**What is being asked**
Output nothing but the lines from the first line of the listing below through the line containing "寶興縣業(yè)務用房維修改造項目(儲備項目)綠植競價采購結(jié)果公示", printed exactly and free of pictures.

**Task material**
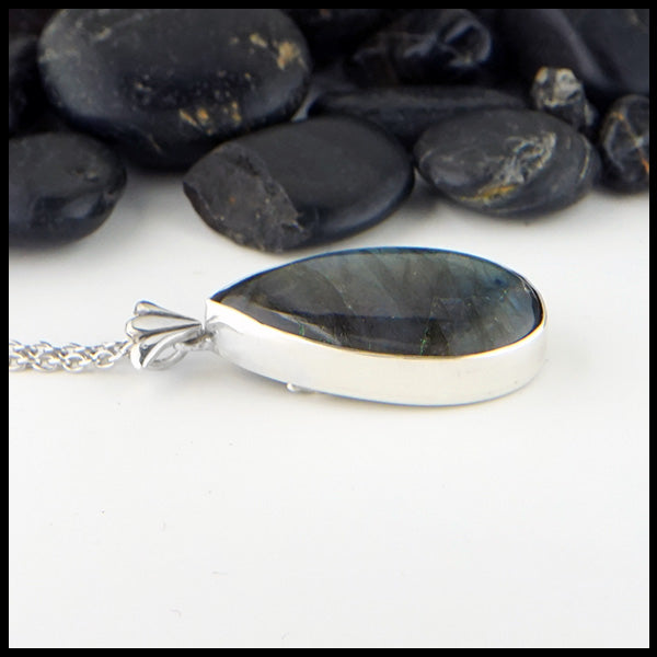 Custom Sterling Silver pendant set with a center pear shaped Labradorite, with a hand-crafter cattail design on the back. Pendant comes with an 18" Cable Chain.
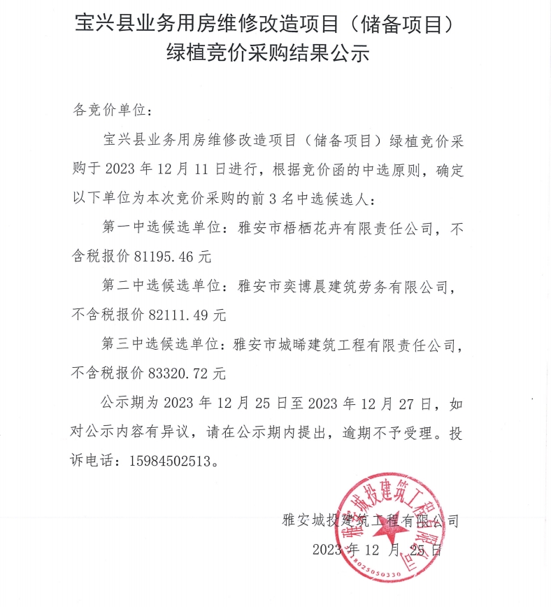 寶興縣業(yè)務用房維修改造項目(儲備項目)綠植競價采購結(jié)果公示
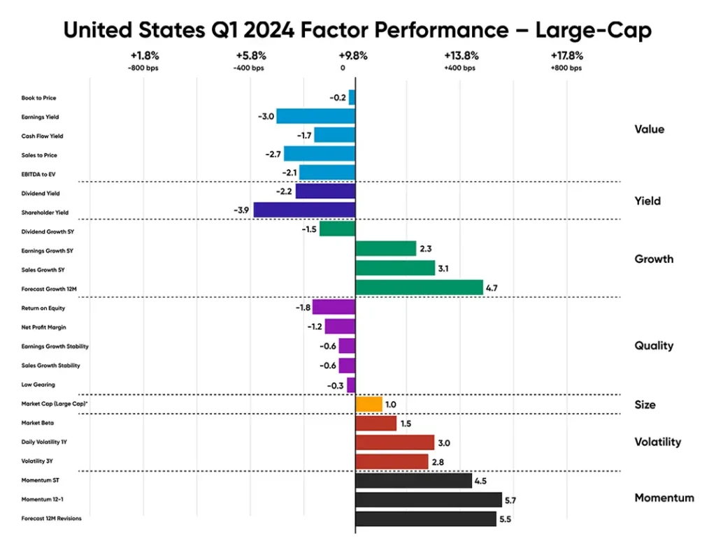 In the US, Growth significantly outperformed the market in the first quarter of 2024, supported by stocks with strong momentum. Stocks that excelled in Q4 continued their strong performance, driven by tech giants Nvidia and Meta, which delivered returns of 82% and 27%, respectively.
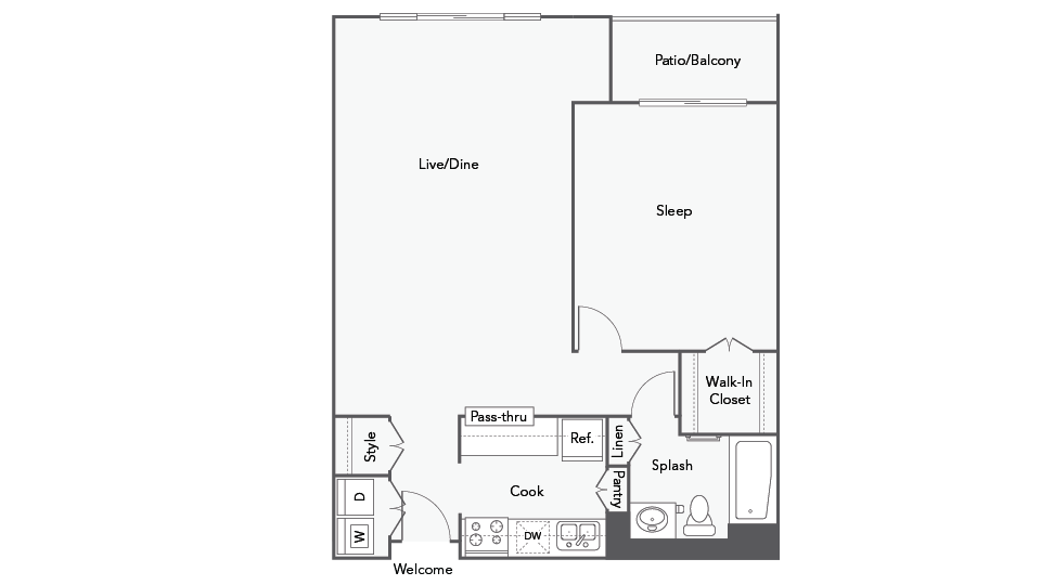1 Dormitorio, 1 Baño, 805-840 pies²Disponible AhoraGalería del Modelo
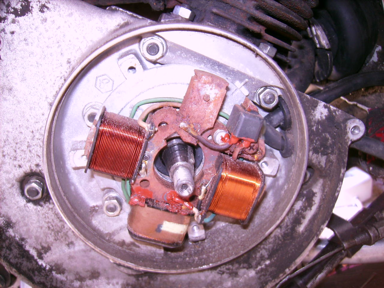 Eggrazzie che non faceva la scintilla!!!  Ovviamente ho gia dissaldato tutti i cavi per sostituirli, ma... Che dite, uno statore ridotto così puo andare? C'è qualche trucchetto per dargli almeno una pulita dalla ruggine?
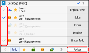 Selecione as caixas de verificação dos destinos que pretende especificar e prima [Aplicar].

**Response area**
 Custom Sterling Silver pendant set with a center pear shaped Labradorite, with a hand-crafter cattail design on the back. Pendant comes with an 18" Cable Chain.
 寶興縣業(yè)務用房維修改造項目(儲備項目)綠植競價采購結(jié)果公示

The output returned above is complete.